Оценить:
 Рейтинг: 0

Терра

Год написания книги
2024
Теги
<< 1 2 3 4 5 6 7 8 9 ... 40 >>
На страницу:
5 из 40
Настройки чтения
Размер шрифта
Высота строк
Поля

– Не вернусь сюда, – сказал я.

Но отец только пожал плечами.

– Ты только Богу под ноги не лезь, без тебя разберутся.

Потом было много скучной тайги в гребнях деревьев и туманах, я стал зевать и улегся в конце концов у отца на коленях. Вот его правда – нечего Богу под ноги лезть.

А про то, какой он, Бог, никто из нас не знал, мама немножко верила, а папа до конца света (так он говорил) был коммунистом и верил совсем в другое. Многие из нас считали, что Бог создал мир и населил его разными созданиями, и что мир был прекрасным, пока все не случилось, и мы не зажили там, где по сей день пребываем.

Мамка говорила: сколько зверей, столько историй, так что вот моя версия, наша, то есть, большой крысиной семьи.

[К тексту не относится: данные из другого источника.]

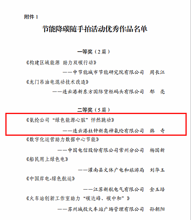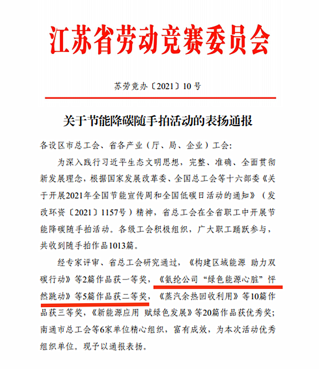日前,江蘇省總工會在全省職工中開展節(jié)能降碳隨手拍活動評選結(jié)果正式公布,杜鐘氨綸公司《氨綸公司“綠色能源心臟”怦然跳動》榮獲二等獎。

Жил-был Бог, и он был добрый, хороший, он всех нас любил и не придумал ни боли, ни смерти, а придумал множество прекрасных вещей, чтобы мы плакали от счастья, когда смотрели на солнце. Жили тогда только звери да духи. Ну и духи тоже были зверьками, раз на то пошло, потому что Бог создал их, а они уже материализовали многих своих детей в настоящей плоти. Вот Матенька, она, к примеру, большая крыса, сделанная из ничего. Ну и да, суть да дело, а Бог ушел отдыхать, и духам поднадоело творить только самих себя. Тогда они стали развлекаться и лепить существо, чтобы было жальче всех и смешнее, придумали, значит, лысое, с хохолком, без когтей, со смешным вытянутым носом на плоском лице, и стали над ним смеяться. А потом подумали, что еще смешнее будет дать этому существу на себя посмотреть и узнать, какова его доля. Так они придумали разум и зеркало. Посмотрели люди на себя да заплакали, всё поняли, всё узнали. И через их сознание, через способность помыслить что-то абсолютное, оно и пришло.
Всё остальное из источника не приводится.